PyCSEP provides routines to evaluate both gridded and catalog-based earthquake forecasts. This page explains how to use the forecast evaluation routines and also how to build “mock” forecast and catalog classes to accommodate different custom forecasts and catalogs.

Gridded-forecast evaluations

Grid-based earthquake forecasts assume earthquakes occur in discrete space-time-magnitude bins and their rate-of- occurrence can be defined using a single number in each magnitude bin. Each space-time-magnitude bin is assumed to be an independent Poisson random variable. Therefore, we use likelihood-based evaluation metrics to compare these forecasts against observations.

PyCSEP provides two groups of evaluation metrics for grid-based earthquake forecasts. The first are known as consistency tests and they verify whether a forecast in consistent with an observation. The second are comparative tests that can be used to compare the performance of two (or more) competing forecasts. PyCSEP implements the following evaluation routines for grid-based forecasts. These functions are intended to work with GriddedForecasts and CSEPCatalogs`. Visit the catalogs reference and the forecasts reference to learn more about to import your forecasts and catalogs into PyCSEP.


Grid-based forecast evaluations act directly on the forecasts and catalogs as they are supplied to the function. Any filtering of catalogs and/or scaling of forecasts must be done before calling the function. This must be done before evaluating the forecast and should be done consistently between all forecasts that are being compared.

See the example for gridded forecast evaluation for an end-to-end walkthrough on how to evaluate a gridded earthquake forecast.

Consistency tests

number_test(gridded_forecast, observed_catalog)

Computes "N-Test" on a gridded forecast.

magnitude_test(gridded_forecast, ...[, ...])

Performs the Magnitude Test on a Gridded Forecast using an observed catalog.

spatial_test(gridded_forecast, observed_catalog)

Performs the Spatial Test on the Forecast using the Observed Catalogs.

likelihood_test(gridded_forecast, ...[, ...])

Performs the likelihood test on Gridded Forecast using an Observed Catalog.

conditional_likelihood_test(...[, ...])

Performs the conditional likelihood test on Gridded Forecast using an Observed Catalog.

Comparative tests

paired_t_test(forecast, benchmark_forecast, ...)

Computes the t-test for gridded earthquake forecasts.

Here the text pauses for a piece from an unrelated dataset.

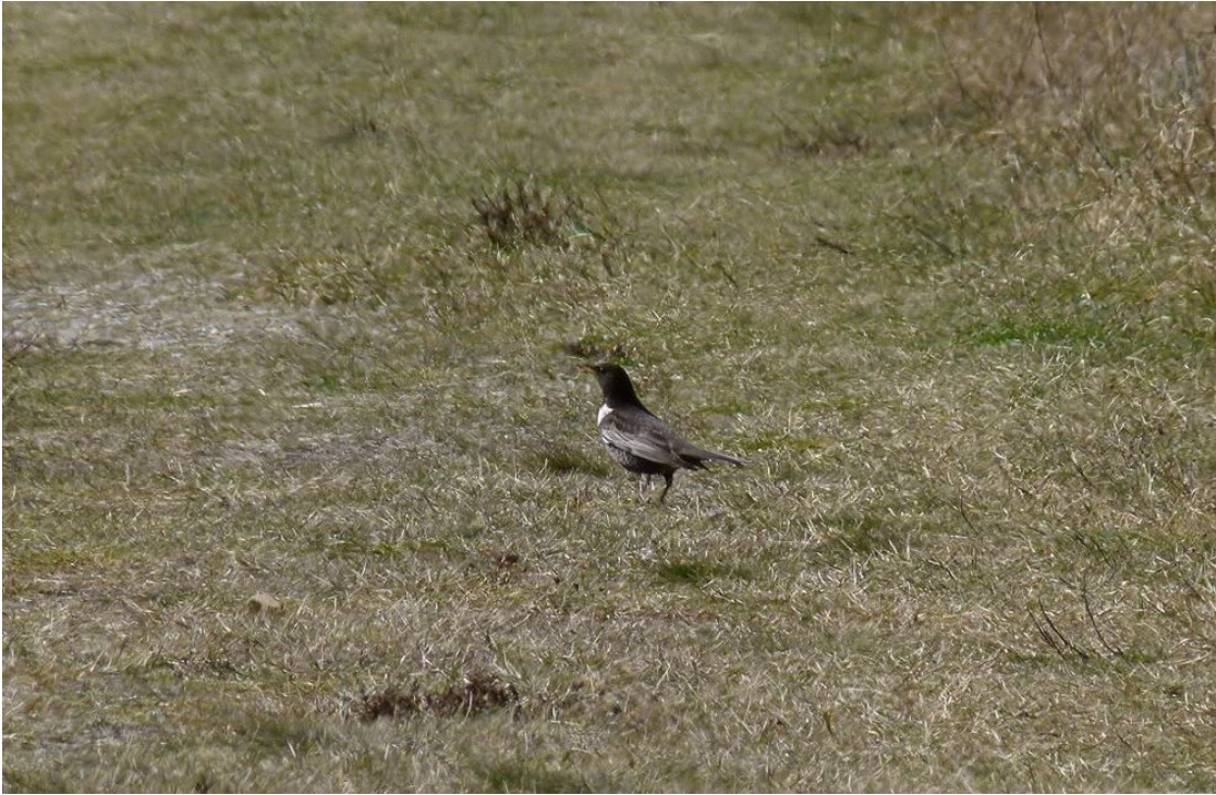
Ringdrossel // Ring Ouzel

w_test(gridded_forecast1, gridded_forecast2, ...)

Calculate the Single Sample Wilcoxon signed-rank test between two gridded forecasts.

Publication references

  1. Number test (Schorlemmer et al., 2007; Zechar et al., 2010)

  2. Magnitude test (Zechar et al., 2010)

  3. Spatial test (Zechar et al., 2010)

  4. Likelihood test (Schorlemmer et al., 2007; Zechar et al., 2010)

  5. Conditional likelihood test (Werner et al., 2011)

  6. Paired t test (Rhoades et al., 2011)

  7. Wilcoxon signed-rank test (Rhoades et al., 2011)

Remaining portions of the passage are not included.